## Problem statement
Reproduce exactly the lines below from the one containing "被弾を考え重めの編成ですが、軽空母1-2隻を駆逐にしても十分回せそうです。" through the one containing "一般来说,连锁药店新品进场会", including both, and nothing else.

## Given records
────────

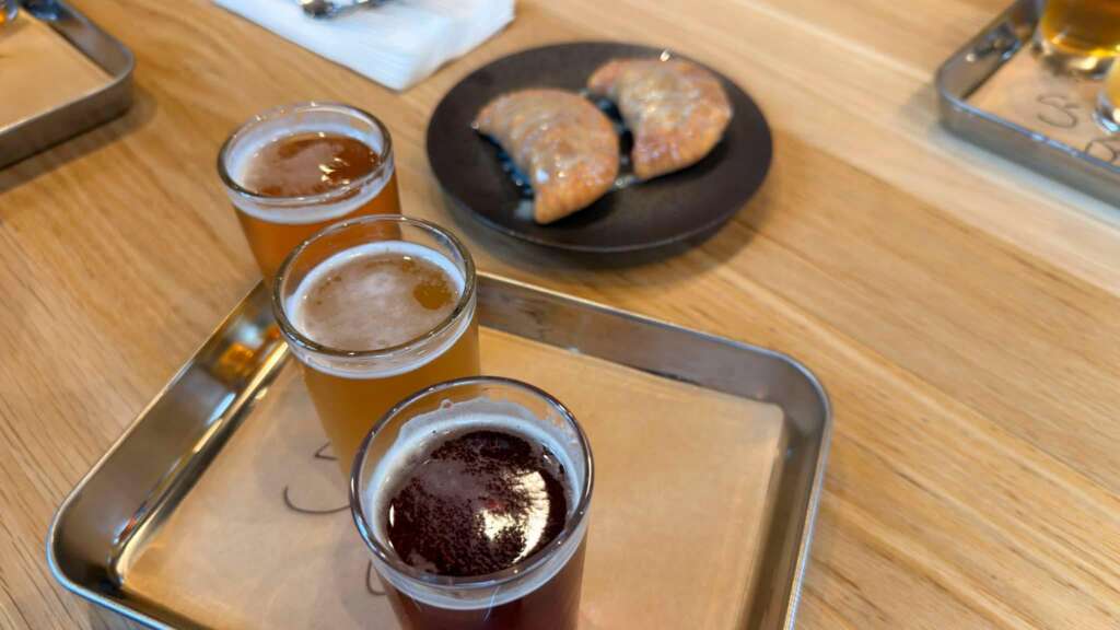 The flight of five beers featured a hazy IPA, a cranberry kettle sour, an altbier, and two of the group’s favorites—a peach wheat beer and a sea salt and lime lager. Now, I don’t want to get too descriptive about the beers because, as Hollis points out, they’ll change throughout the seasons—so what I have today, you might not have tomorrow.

────────

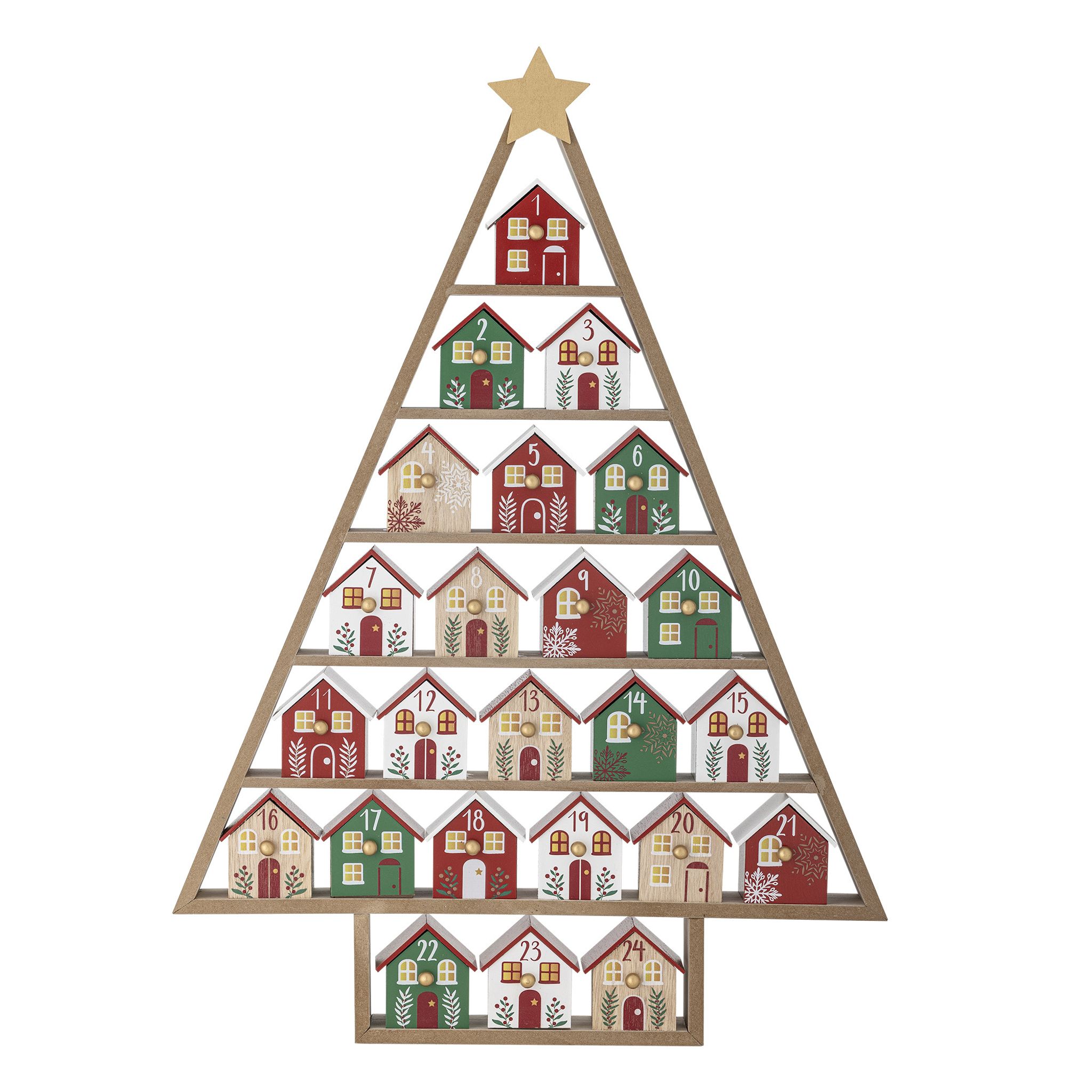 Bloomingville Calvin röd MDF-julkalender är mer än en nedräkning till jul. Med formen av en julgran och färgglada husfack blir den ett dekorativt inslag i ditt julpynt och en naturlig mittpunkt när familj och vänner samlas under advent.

────────

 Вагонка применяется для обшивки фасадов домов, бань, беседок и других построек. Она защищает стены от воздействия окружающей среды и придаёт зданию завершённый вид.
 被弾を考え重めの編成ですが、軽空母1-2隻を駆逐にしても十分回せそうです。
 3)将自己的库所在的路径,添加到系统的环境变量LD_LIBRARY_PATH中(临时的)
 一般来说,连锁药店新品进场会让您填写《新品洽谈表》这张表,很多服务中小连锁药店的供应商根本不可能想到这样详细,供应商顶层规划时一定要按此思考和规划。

────────

## Answer to this task
 被弾を考え重めの編成ですが、軽空母1-2隻を駆逐にしても十分回せそうです。
 3)将自己的库所在的路径,添加到系统的环境变量LD_LIBRARY_PATH中(临时的)
 一般来说,连锁药店新品进场会让您填写《新品洽谈表》这张表,很多服务中小连锁药店的供应商根本不可能想到这样详细,供应商顶层规划时一定要按此思考和规划。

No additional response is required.